Вся пылая, она тоже поднялась на ноги, но вопрос, который должен был выразить страстный призыв, прозвучал как сетования недовольной жены:
– Может, они подождут?
– Ты что, сбрендила? – Ральф попятился, глаза его округлились от праведного гнева. Ей придется понять. Если она ведет себя так до свадьбы, что же будет потом? – Нельзя же так! Чтоб ребята сегодня ждали? После всего, что они сделали для меня?
Ральфу никогда еще не доводилось видеть личико Грейс столь немиловидным, как в последующие несколько мгновений. Но она быстро взяла себя в руки и улыбнулась:
– Конечно, дорогой. Ты прав.
Он опять подошел к ней и нежно провел кулаком по ее подбородку – с довольной улыбкой, как муж, восстановленный в очевидных правах.

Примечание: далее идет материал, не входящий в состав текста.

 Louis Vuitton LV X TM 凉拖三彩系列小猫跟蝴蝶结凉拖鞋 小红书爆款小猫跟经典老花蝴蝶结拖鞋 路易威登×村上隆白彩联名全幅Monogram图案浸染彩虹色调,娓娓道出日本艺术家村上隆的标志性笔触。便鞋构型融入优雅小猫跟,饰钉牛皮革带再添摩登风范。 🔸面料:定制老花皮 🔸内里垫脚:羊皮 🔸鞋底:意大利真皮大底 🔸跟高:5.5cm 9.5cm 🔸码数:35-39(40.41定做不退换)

– Ну вот, дело другое, – сказал он. – Увидимся завтра на Пенсильванском вокзале, ровно в девять. Ладно, Грейси? Да, пока не ушел… – Он подмигнул и похлопал себя по животу. – У меня пиво вот-вот из ушей польется. Можно мне в тубзик?
Когда он вышел из уборной, она ждала его у входной двери, чтобы попрощаться, – стояла, скрестив руки на груди, будто замерзла. Ральф любовно взвесил в руке саквояж и подошел к Грейс.

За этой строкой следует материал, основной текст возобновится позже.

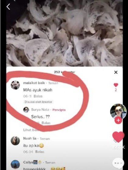 Dalam screenshot-nya, terlihat seorang wanita mengajak dirinya untuk menikah. "Mas ayuk nikah," kata akun TikTok @Malaikat Baik. "Serius ??" jawab @suryanata09.
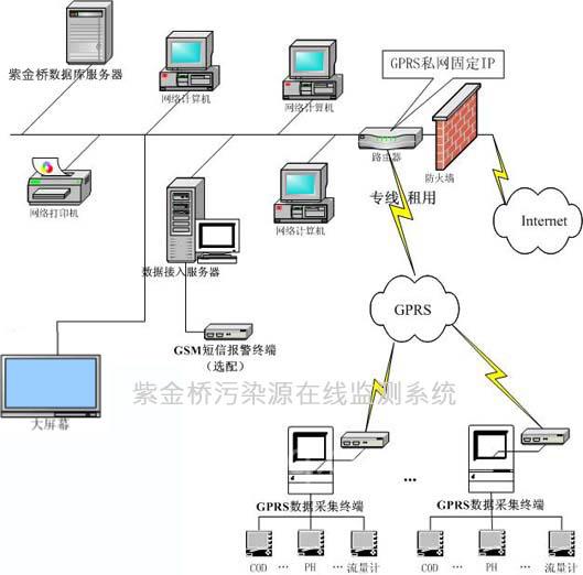 由于监测点分散,分布范围广,而且大多设置在环境较恶劣的地区,故利用GPRS无线网络进行无线数据传输。污染监测设备将采集到的污染数据和告警信息,通过GPRS网络,及时发送到环保监察部门,可以实现对排污单位或个人的及时管理,大大提高了工作效率,为环境保护提供了崭新方式。
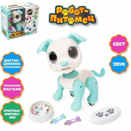 Робот-собака Питомец: Щенок, радиоуправляемый, интерактивный, работает от аккумулятора, цвет бирюзовый
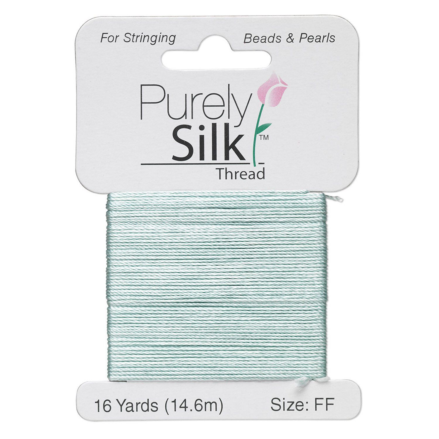 Thread, Purely Silk™, pale green, size FF. Sold per 16-yard card.
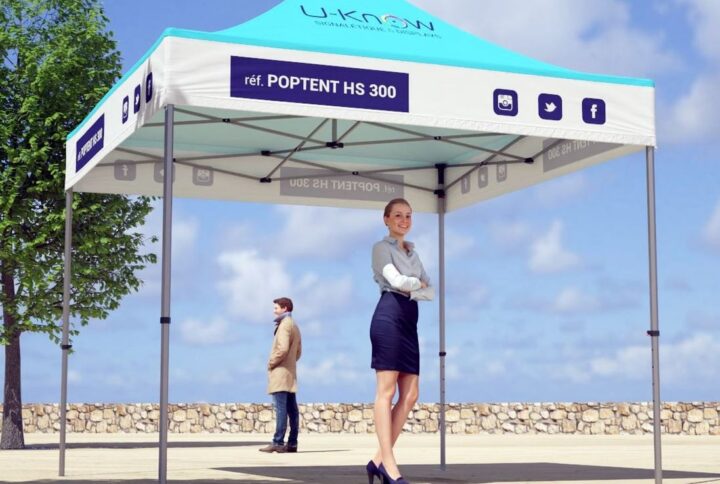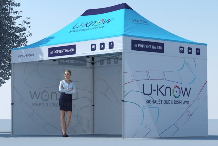 Tente popup 3x3m dépliante en aluminium. Ce barnum est particulièrement robuste. Sa structure est composée d’une armature hexagonale grise en aluminium de diamètre 40mm et d’épaisseur 1,2mm. Elle est personnalisée sur le toit et sur les portes en impression quadri numérique. Le toit et les portes de cette tonnelle sont en polyester Oxford 260g/m² avec enduction pour garantir l’impérméabilité et sont montés par Velcro sur la tente. La tente est livrée prête à monter dans un trolley de transport en Oxford 600D à roulettes. Poids : 14kg
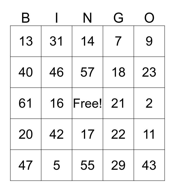 This bingo card has a free space and 70 words: 1, 2, 3, 4, 5, 6, 7, 8, 9, 10, 11, 12, 13, 14, 15, 16, 17, 18, 19, 20, 21, 22, 23, 24, 25, 26, 27, 28, 29, 30, 31, 32, 33, 34, 35, 36, 37, 38, 39, 40, 41, 42, 43, 44, 45, 46, 47, 48, 49, 50, 51, 52, 53, 54, 55, 56, 57, 58, 59, 60, 61, 62, 63, 64, 65, 66, 67, 68, 69 and 70.
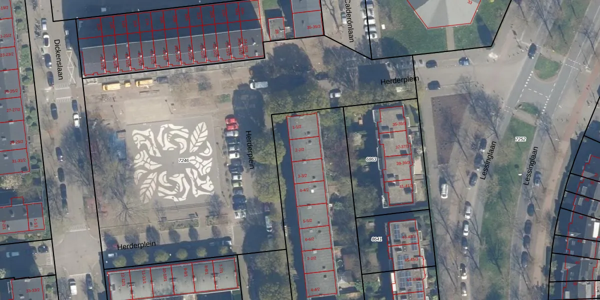 Het perceel waarop Herderplein 2-2 staat heeft een oppervlakte van 3119 m². Dit is een zeer groot perceel. De perceeloppervlakte wordt geregistreerd door het Kadaster. Gedetailleerde informatie over de maten van dit perceel kunt u vinden in het rapport Kadastrale kaart met maatvoering van Herderplein 2-2.
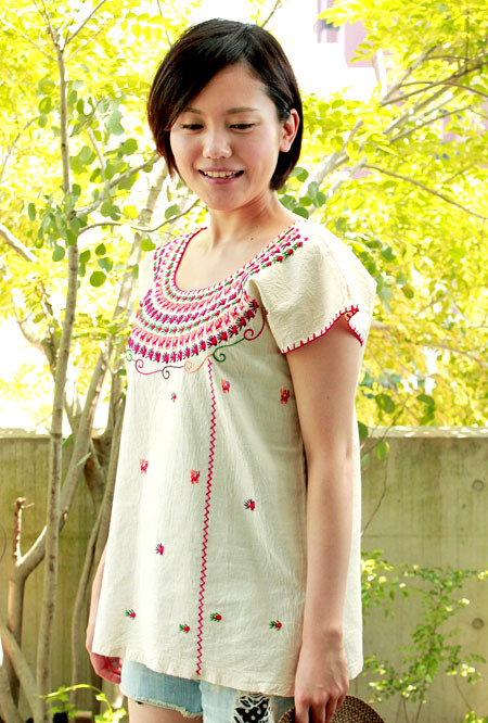 メキシコ刺繍ウイピルチュニック「ミステコ族の刺繍」

– Ну что, детка, – проговорил он и поцеловал ее. – Значит, в девять. Не забудь.
Она устало улыбнулась и открыла перед ним дверь.
– Не волнуйся, Ральф, – сказала она. – Увидимся.
Джоди тут как тут
Сержант Рис был стройный, молчаливый парень из Теннесси, всегда подтянутый в своей полевой форме; от взводного сержанта мы ждали немного другого. Вскоре мы узнали, что он типичный представитель – едва ли не чистый образец – поколения военных, которые пришли в регулярную армию в тридцатые годы и сформировали кадровый состав крупнейших учебных центров военного времени, но поначалу он очень нас удивлял. Мы были весьма наивны и, наверное, ожидали встретить на этой должности эдакого Виктора Маклаглена[6]6
Виктор Маклаглен (1886–1959) – английский боксер и американский актер, обладатель премии «Оскар» за лучшую мужскую роль в фильме «Осведомитель» (1936). Известен ролями в вестернах Джона Форда.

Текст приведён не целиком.